Türen auf für geflohene Forschende
Ourania Tzoraki, Assistenzprofessorin für Meereswissenschaften an der griechischen Universität der Ägäis in Lesbos, war inspiriert, das Projekt SCIREA nach einem ähnlichen Schema in Deutschland einzurichten. Das Projekt zielt darauf ab, die Integration von geflohenen Forschenden in das europäische Forschungssystem und den Arbeitsmarkt durch gezielte Unterstützung und Ausbildung zu erleichtern. „Forschende aus einem anderen Ort bringen frische Ideen mit. Diese Menschen können viel tun, haben aber keine Möglichkeiten“, sagt sie. Auf Wunsch des Projekts SCIREA begannen die Empfangsmitarbeitenden des Moria-Lagers auf Lesbos im März 2018, die Leute bei ihrer Ankunft nach ihrem Ausbildungsstand zu fragen. „Die erste Analyse ergab, dass fast 7 % der Flüchtenden einen Universitätsabschluss und 1 % einen Master-Abschluss oder sogar einen Doktortitel haben“, fügt Tzoraki hinzu.
Datenlücke
Der Projektpartner Fondazione Leone Moressa untersuchte anhand von Fragebögen und Interviews das Wissen und die Qualifikationen der potentiellen Forschenden genauer. „Wir haben festgestellt, dass ihnen wichtige Fähigkeiten fehlen, wie beispielsweise die Fähigkeit, Big Data zu analysieren oder visuell darzustellen, was heutzutage für alle Disziplinen wichtig ist.

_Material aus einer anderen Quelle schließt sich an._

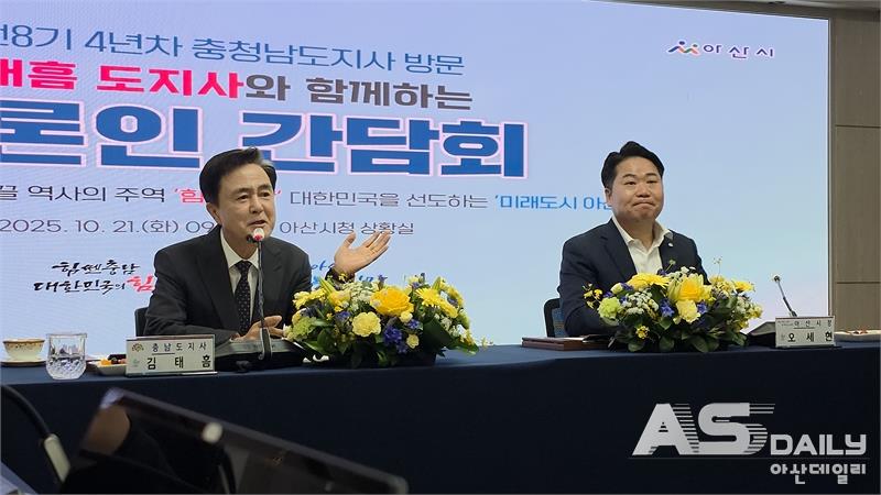 ▲21일, 김태흠 충남도지사는 아산시청에서 열린 기자간담회

Auch Open-Source-Werkzeuge, die wir in Europa verwenden“, erklärt Tzoraki. Zur Schließung dieser Lücke entwarf das Projekt SCIREA eine Reihe von Seminaren an der Universität. Um Verbindungsprobleme in den Lagern zu umgehen, wurden auch Webinare im Videoformat angeboten. Sie konzentrierten sich auf die praktischen Themen wie das Schreiben von Lebensläufen, die Arbeitssuche in Europa und das Asylverfahren. Nachhaltigkeit und Umweltweltschutz wurden ebenfalls abgedeckt – wichtig zur Vermeidung von Reibung mit der örtlichen Gastgemeinschaft. „Die Menschen fühlen sich befristet und das Ergebnis kann für die Umwelt sehr zerstörerisch sein – Tonnen von Plastik landen in den Flüssen“, sagt Tzoraki. Da nur wenige Frauen teilnahmen, wurden weibliche geflohene Forschende angeworben, um in den Lagern lebenden Frauen Grundkurse in Englisch und Deutsch zu geben. Das Team des Projekts SCIREA hat in Zusammenarbeit mit dem europäischen Praktikumsnetzwerk Praxis eine Plattform zur Kontaktvermittlung eingerichtet, die eine Offline-Quelle mit Lebensläufen von Personen enthält und Teilnehmende über Arbeits- und Forschungsmöglichkeiten informiert.
Die meisten fanden Arbeit
Drei Forschende aus Afghanistan und dem Iran absolvierten ein achtmonatiges Stipendium – alle fanden daraufhin Arbeit. Die Verfolgung der Ergebnisse war nicht Teil des Projekts, aber anekdotische Beweise zeigen, dass die Mehrheit der Teilnehmer seitdem, oft in Nichtregierungsorganisationen, Arbeit gefunden hat. Andere streben weiterhin eine wissenschaftliche Karriere an. Für Tzoraki war es ein persönlicher Höhepunkt, SCIREA-Forschende bei der Präsentation ihrer Forschungsergebnisse zu sehen – wie zum Beispiel die afghanische forschende Person im Juni 2019 auf einer Umweltkonferenz in Griechenland. Das Projekt hat formelle und informelle Bildungsträger ermutigt, Flüchtende zusammenzubringen – im Februar 2020 wurde auf der Abschlusskonferenz ein Netzwerk zur Aufrechterhaltung der Dynamik ins Leben gerufen. Es hat Empfehlungen an die griechische Regierung und die EU zur Verbesserung der Bildung von Flüchtenden abgegeben. Die SCIREA-Partner beantragen derzeit mehr Fördermittel. In der Zwischenzeit fungiert die Universität der Ägäis weiterhin als Anlaufstelle für Flüchtende auf Lesbos und hat ihre früher nur von ERASMUS-Studenten besuchten Griechischkurse für sie geöffnet. „In den letzten Jahren wurden große Anstrengungen zur Migrationsuntersuchung unternommen, aber nicht zur praktischen Hilfe bei der Integration. Mit dem Projekt SCIREA haben wir betont, wie wichtig Bildung für die Integration ist“, schließt Tzoraki.